In Bolt’s honor, I drank all Washington all night. I started with the Loowit Exbeerestrial ESB (a solid British bitter), then moved on to Everybody’s Sprinkle American Sour (a quite respectable, lactic, hibiscus-accented ale), and finished with a dry cider from Tieton Cider Works. Great, I’ve forgotten what Bolt had, but I know the ESB was in there. As evidenced by his dual wins for his Kolsch, he’s super into easy-drinking beers, adhering to the motto, “Brew what you like and like what you brew.”
His approach to brewing is both visceral and cerebral. He said once he fires up his brand new brew kettles, patrons generally won’t find beers over 5.5% ABV. And no, that’s not his ISA; that’s gonna be his IPA. He talked about stuff even the beer nerds will geek out over. Y’know, like a Dortmunder. I’m not entirely sure he and I know the same beer nerds.
Having said that, he has a wild hair to create some flashy stuff for festivals and the like. And this is where I’m sure he’ll consistently draw Portlanders to venture north of the river. But out of self-interest, I’m going to start with a story from the first time I met up with Bolt at Old Town Brewing. A host or someone mentioned to me that Bolt was organizing a tribute fest to Tom Jones since the legendary singer had just died. SAY WHAT!?! If Tom Jones had died, I’d have heard about it. But the guy was adamant: Tom Jones died and Old Town was putting on a beer fest as a sort of wake.
Old Town Brewing poster
As country music fans and anyone who watches The Voice UK knows, it was the Possum, George Jones who passed on and the Voice himself, Sir Tom Jones, remains very much awesome and kicking. The George Jones Tribute Beer Fest itself was a kick, presented as sort of a wake to one of Bolt’s favorite musicians. Bolt loves country. Real country; not this pap they do in Nashville and Hollywood today. He also digs on the ToJo. We are going to organize a Tom Jones Living Tribute Beer Fest sooner than later. I’ve seen TJ roughly a dozen times in concert. Bolt has seen him once, but has an infinitely better story than any of mine.

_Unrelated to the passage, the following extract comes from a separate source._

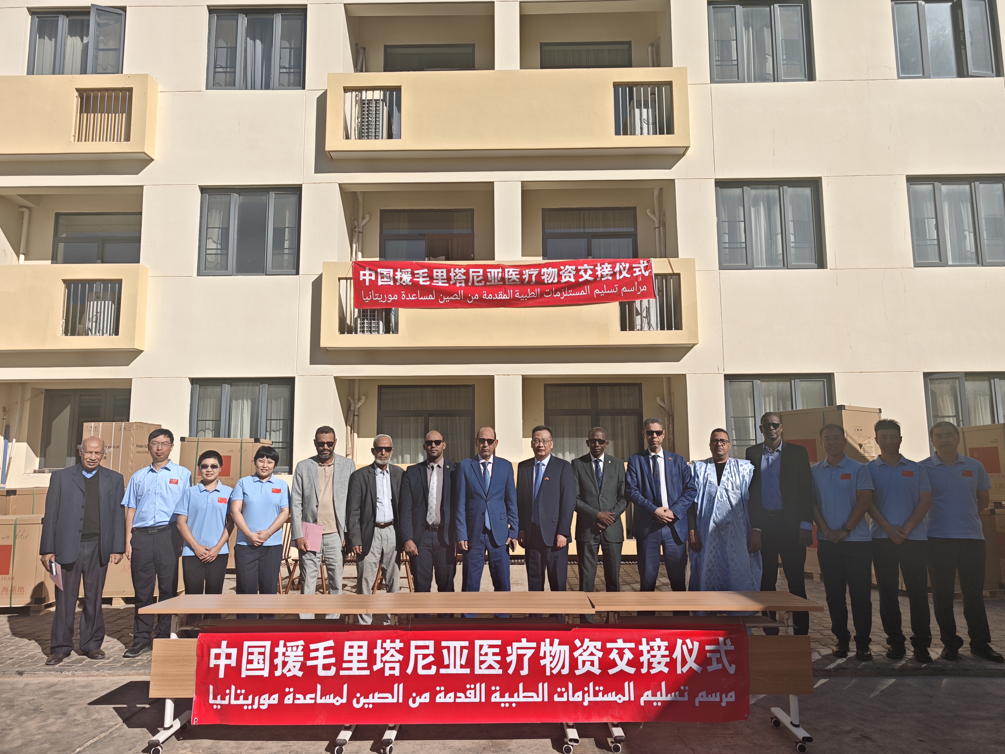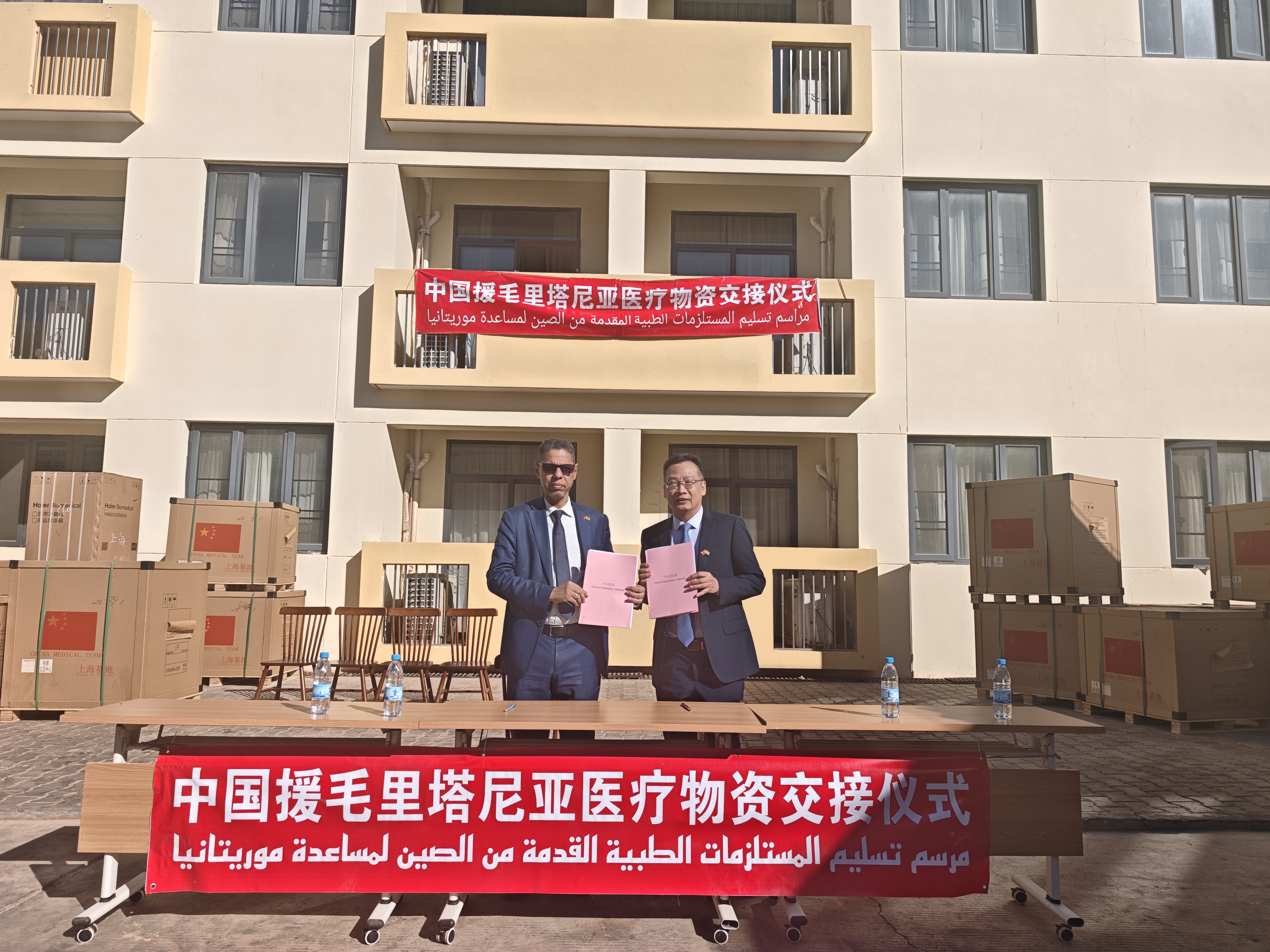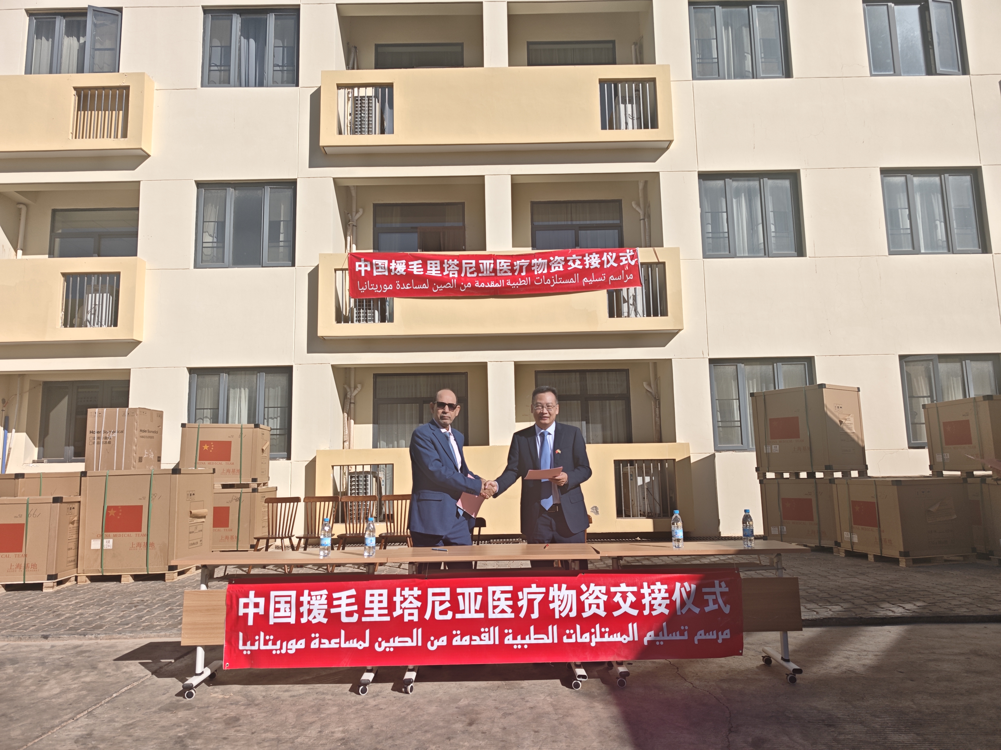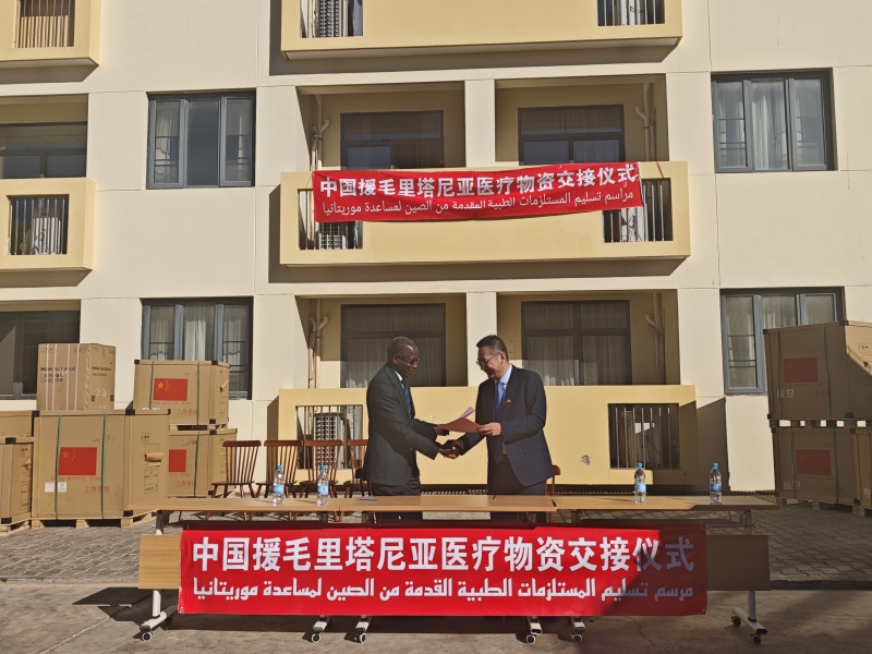 2026年1月22日,中国援毛里塔尼亚医疗物资交接仪式在医疗队驻地举行,驻毛里塔尼亚使馆负责经济事务的参赞萧文生分别与毛国家公共卫生研究院院长汉帕特·巴、友谊医院院长穆斯塔法和首都医院主任穆萨签署医疗物资交接证书。

Vegas. Circa turn of the 21st century. Bolt and his then-ladyfriend are in line to see him at the MGM Grand where he does these two-week-long runs. A frequent opener is the comedian Max Alexander, who Bolt recognizes on his way into the theater. Max is so pleased, he arranges front row seats. Next to Craig Ferguson. After the show, alongside Max, he and his gal got to meet Sir ToJo who went to shake Bolt’s hand (so I’ve now shaken the hand of the hand that shook Tom Jones’s hand), but TJ shook it off quickly to give Bolt’s more attractive companion a smooch. No. By my earlier transitive properties I saw no reason to try and give Bolt a peck. That evening, some 15 or so years ago, turned into a great night of hanging out with Tom, his band, and an unsated desire Tom expressed to hear some live jazz.
We have another fest idea we’ll pull together even sooner. Given our love of the Dukes of Hazzard (and Bolt is a fan of Waylon Jennings, the country singer who performs the theme song), 54°40′ will host the inaugural Duke the Halls, a holidays in Hazzard County themed beer fest! Although Roscoe’s would be a good venue for obvious reasons. Bolt has other ideas, I’ll just say this for now—Nick Cage themed beers—but we are family men and our night at the Oregon Public House had to come to a close so we could help get our sons ready early the next morning. When 54°40′ Brewing with his new partner, Charlie Hutchins, who was also his brewing partner back at Rock Bottom, opens, luckily he’ll still be able to spend more time with his family since he finally won’t have far to commute.